Problem statement — Could you retype the lines below, starting at the line holding "根據(jù)四川長(zhǎn" and stopping at the line holding "Das Resort ist", inclusive? Copy them exactly and drop the images.

--- Source records ---

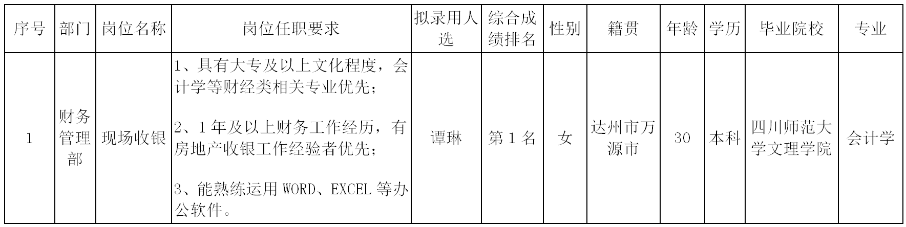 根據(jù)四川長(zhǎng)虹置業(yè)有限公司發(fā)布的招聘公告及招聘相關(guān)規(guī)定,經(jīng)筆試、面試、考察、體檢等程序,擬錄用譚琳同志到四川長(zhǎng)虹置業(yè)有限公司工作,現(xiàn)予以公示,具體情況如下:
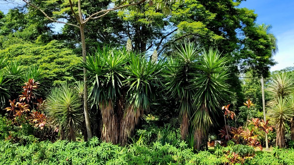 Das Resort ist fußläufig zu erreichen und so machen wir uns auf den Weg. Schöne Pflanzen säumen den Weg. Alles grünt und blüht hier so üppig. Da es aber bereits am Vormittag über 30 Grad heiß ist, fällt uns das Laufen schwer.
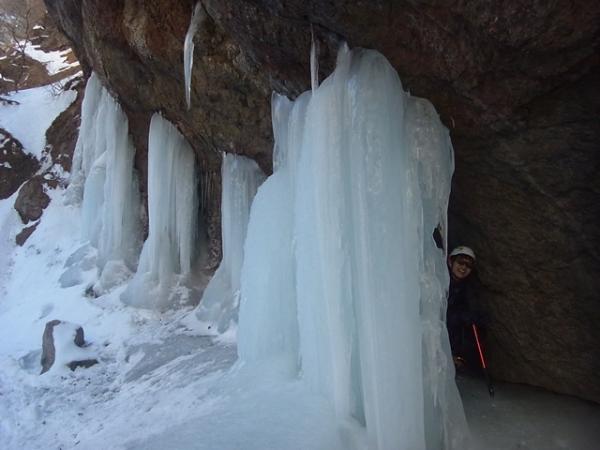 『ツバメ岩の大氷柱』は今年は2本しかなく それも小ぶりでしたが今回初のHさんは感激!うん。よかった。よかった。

---
--- Source records ---

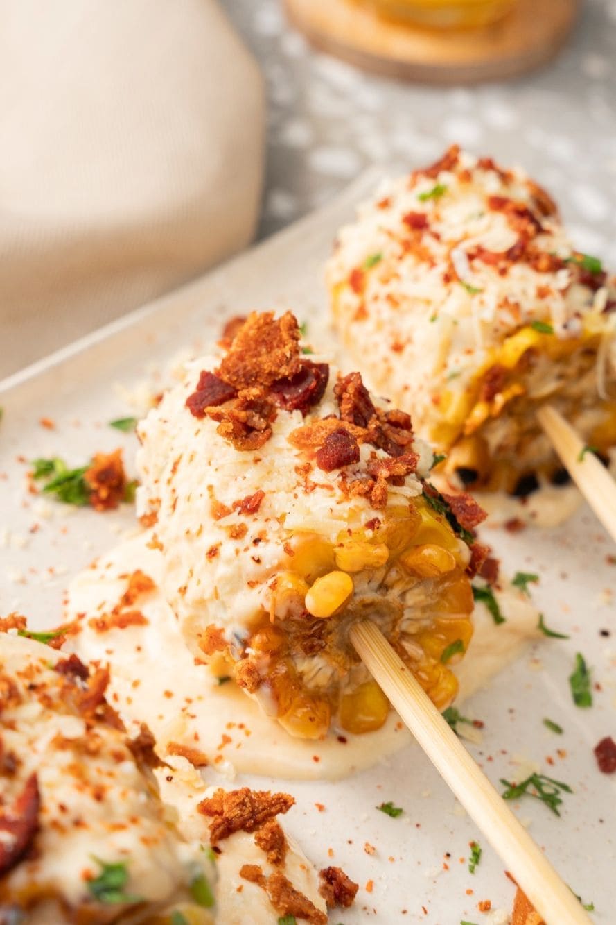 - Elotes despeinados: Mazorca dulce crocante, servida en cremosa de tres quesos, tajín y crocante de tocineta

---
--- Source records ---

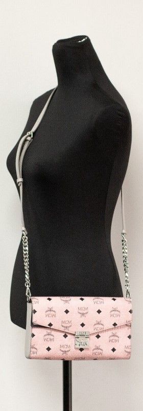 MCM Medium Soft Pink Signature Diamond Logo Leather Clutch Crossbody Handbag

---

Output below —
 根據(jù)四川長(zhǎng)虹置業(yè)有限公司發(fā)布的招聘公告及招聘相關(guān)規(guī)定,經(jīng)筆試、面試、考察、體檢等程序,擬錄用譚琳同志到四川長(zhǎng)虹置業(yè)有限公司工作,現(xiàn)予以公示,具體情況如下:
 Das Resort ist fußläufig zu erreichen und so machen wir uns auf den Weg. Schöne Pflanzen säumen den Weg. Alles grünt und blüht hier so üppig. Da es aber bereits am Vormittag über 30 Grad heiß ist, fällt uns das Laufen schwer.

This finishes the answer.